Step by step solution

01

Recall the binomial theorem and properties of binomial coefficients

Recall the binomial theorem, which states that for any non-negative integer \(n\) and any real numbers \(a\) and \(b\), \((a+b)^n = \sum_{k=0}^{n} { }^{n} \mathrm{C}_{k} a^{n-k} b^{k}\). In this problem, we will focus on the following property of the binomial coefficients: \(\sum_{k=0}^n { }^{n} \mathrm{C}_{k} = 2^n\), which is obtained by setting \(a = 1\) and \(b = 1\) in the binomial theorem.
02

Rewrite the given sum as a subtraction using the property of binomial coefficients

Notice that the sum we want to find is the sum of odd-indexed binomial coefficients.

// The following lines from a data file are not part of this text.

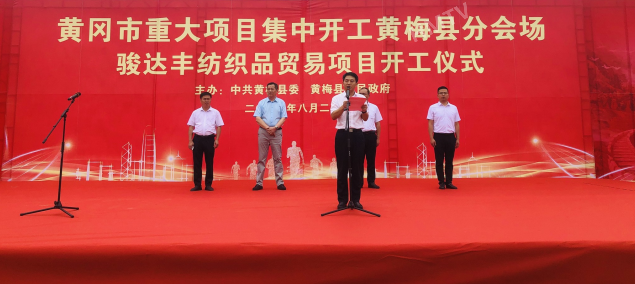 云上黄梅报道(全媒体记者:周求安)8月28日上午,黄冈市重大项目集中开工黄梅县分会场湖北骏达丰项目开工仪式举行。县政协主席龚家雄,县领导罗盘军出席开工仪式。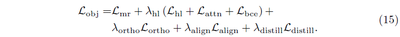 CG-DETR 학습에 사용되는 최종 loss는 위 수식에서의 \mathcal{L}_{obj}와 같습니다. \mathcal{L}_{mr}은 Moment Retrieval을 위한 loss로 예측 구간과 GT 구간 간 L1 loss + GIoU loss를 의미합니다. 나머지 loss들은 모두 본문에서 언급한 바와 같습니다.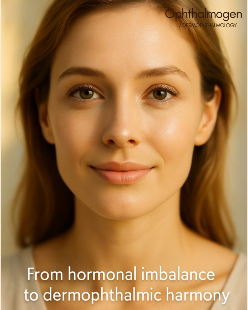 - Female, 44 years old, Hashimoto’s hypothyroidism → persistent dark circles and puffiness. With Ophthalmogen Gel + EYE10 + artificial tears → significant improvement after 2 months.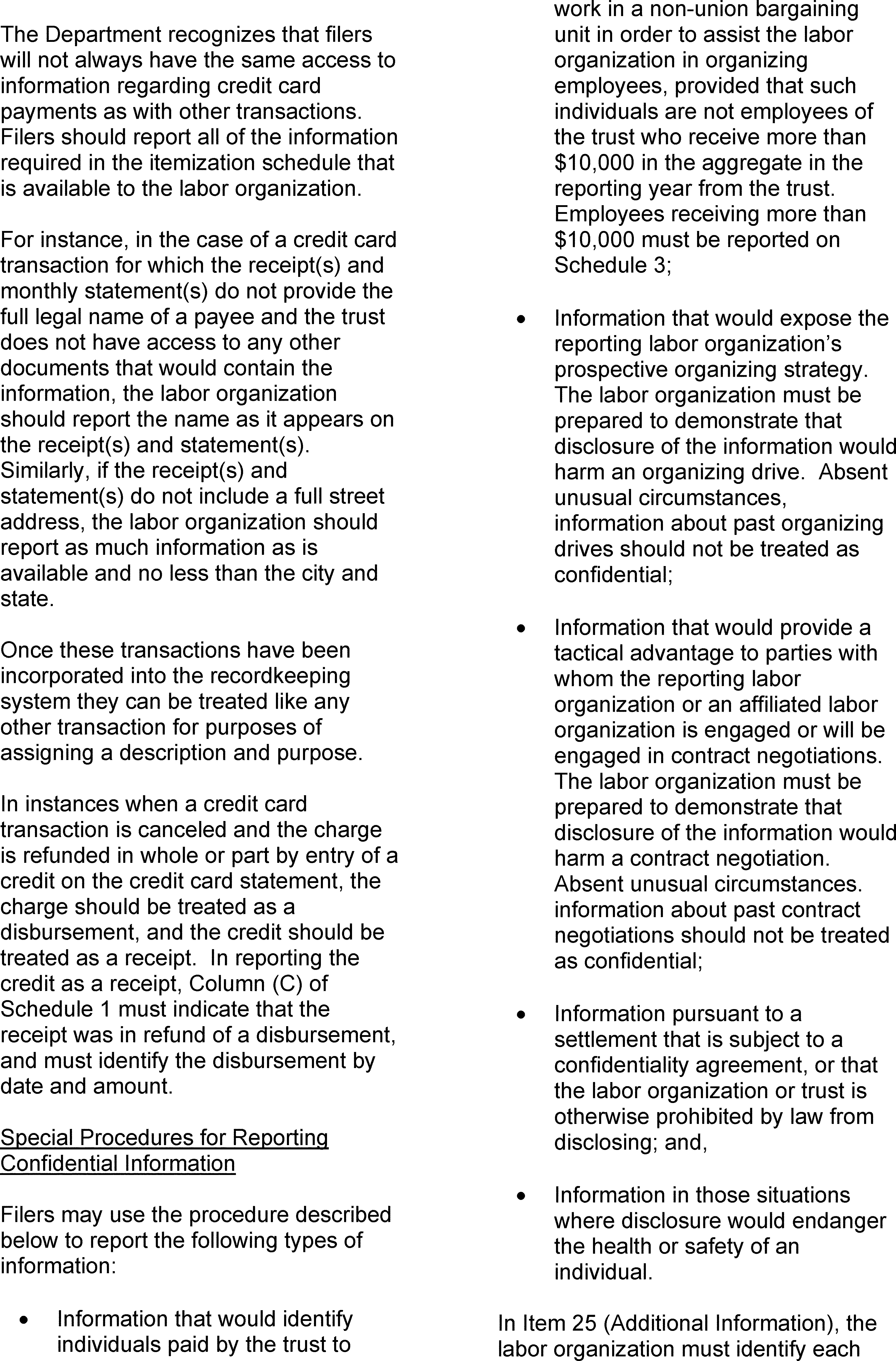 about a labor organization's assets, liabilities, receipts, disbursements, loans to officers and employees and business enterprises, payments to each officer, and payments to each employee of the labor organization paid more than $10,000 during the fiscal year. The reporting detail required of labor organizations, as the Secretary has established by rule, varies depending on the amount of the labor organization's annual receipts. 29 CFR 403.4.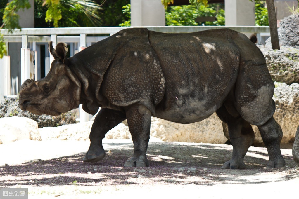 印度犀牛(学名Rhinoceros unicornis)目前主要分布在尼泊尔和印度的阿萨姆邦,栖息于草原、森林和喜马拉雅山附近,野外不足2500头,处于濒危状态。属于奇蹄目犀科独角犀属,与数量更为稀少的爪哇犀牛是近亲。印度犀牛奔跑时速可达55公里/小时,并且游泳技能优秀。印度犀牛的听觉和嗅觉都极佳,而视力相对较差。

So, we can rewrite the sum as a subtraction using the property of the binomial coefficients we recalled in step 1: \[ \sum_{k=1,3,5,\cdots}^{9} { }^{10} \mathrm{C}_{k} = \sum_{k=0}^{10} { }^{10} \mathrm{C}_{k} - \sum_{k=0,2,4,\cdots}^{10} { }^{10} \mathrm{C}_{k} = 2^{10} - \sum_{k=0,2,4,\cdots}^{10} { }^{10} \mathrm{C}_{k} \]
03

Use the binomial theorem again to find the sum of even-indexed coefficients

Set \(a = 1\) and \(b = -1\) in the binomial theorem to find the sum of even-indexed coefficients: \[ (1-1)^{10} = \sum_{k=0}^{10} { }^{10} \mathrm{C}_{k} (-1)^k \] Since \(1-1 = 0\), we have \(0^{10} = \sum_{k=0}^{10} { }^{10} \mathrm{C}_{k} (-1)^k\). Notice that the odd-indexed terms become negative, and the even-indexed terms remain positive. So, we have: \[ \sum_{k=0,2,4,\cdots}^{10} { }^{10} \mathrm{C}_{k} = \sum_{k=0}^{10} { }^{10} \mathrm{C}_{k} \]
04

Calculate the final sum

Finally, substitute the sum of even-indexed coefficients from step 3 into the expression we found in step 2: \[ \sum_{k=1,3,5,\cdots}^{9} { }^{10} \mathrm{C}_{k} = 2^{10} - \sum_{k=0,2,4,\cdots}^{10} { }^{10} \mathrm{C}_{k} = 2^{10} - 2^{10} = 1024 - 1024 = 1023 \] So, the sum of the given terms is 1023, and the correct answer is (d) 1023.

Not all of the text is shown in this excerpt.